MiniCPM-V Inquiry About Latency of streaming generate with audio in MiniCPMo Web Demo

Thank you for your excellent work on MiniCPMo and its integration with ChatTTS! I have been exploring the web demo and am very impressed by its capabilities.

I would like to ask about the latency of ChatTTS in the web demo. I noticed that in the streaming_generate function, setting generate_audio=False results in ~0.16 sec latency per chunk received. However, enabling generate_audio=True increases the latency significantly to ~0.6-1.0 sec.
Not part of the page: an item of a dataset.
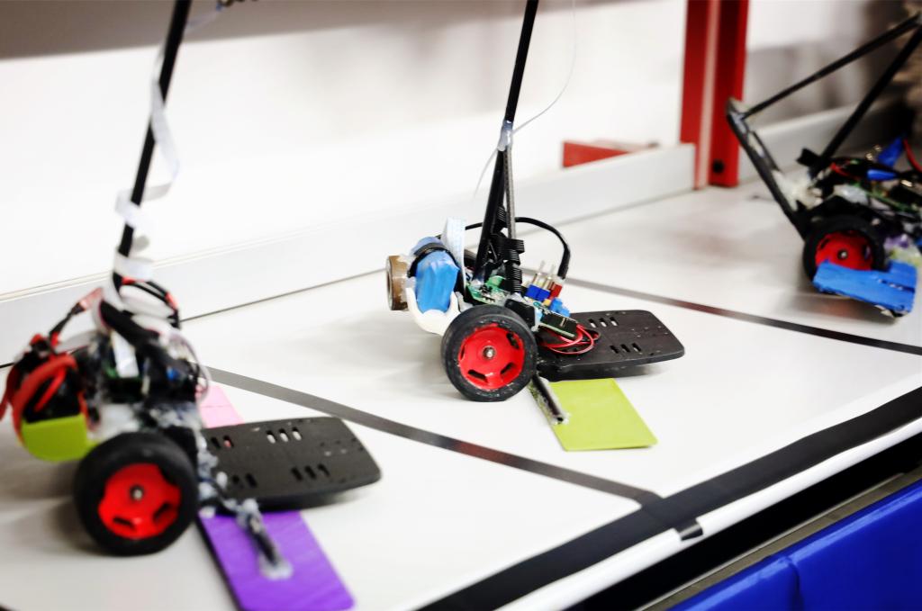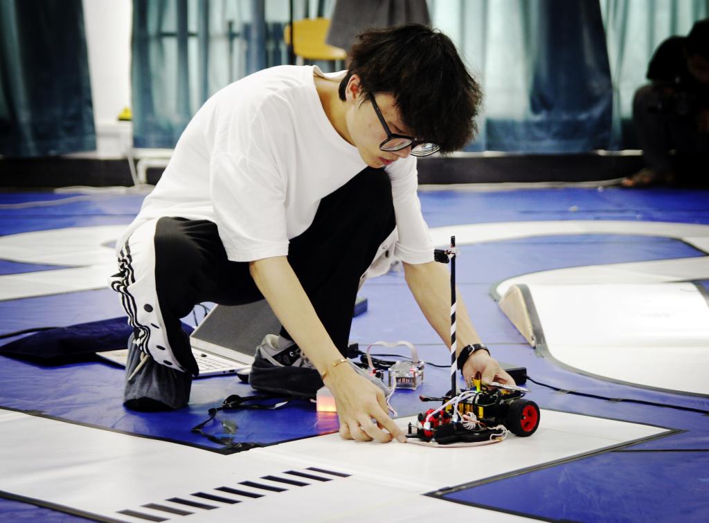 分赛场的比赛过程中,信控学院17支参赛队分别参加了摄像头四轮、电磁四轮、多车协同、平衡单车、无线充电、直立信标六个项目的激烈角逐,赛场上气氛严肃活泼、秩序井然。

Is there a reason for this slow performance, and are there any optimizations to improve it?

Thank you for your time, and I look forward to your response!

Jan 23 '25 03:01 tienanh28122000

Hi! Thank you for using MiniCPM-o 2.6, I checked the code on huggingface, if I understand your question correctly, streaming_generate=True means to generate audio, and streaming_generate=False will not generate audio. The difference is because the TTS generate the first audio chunk from the first text chunk.

Maybe this line could helps: https://huggingface.co/openbmb/MiniCPM-o-2_6/blob/4a25f999c53b8a51b5ef4ccca45c8a5e59d06a7e/modeling_minicpmo.py#L1216

Jan 23 '25 08:01 bokesyo

hey @bokesyo, thanks for always being helpful. can you suggest some ways to bring down the latency when generate_audio=True? i'm building a real-time speech-to-speech app with webrtc and the 0.6-1.0 sec latency with generate_audio=true is too slow for my needs, especially because every response contains the audio with roughly 12800 samples, which is (533.33 ms at 24khz), and if generation delay is more than this, it causes jitters.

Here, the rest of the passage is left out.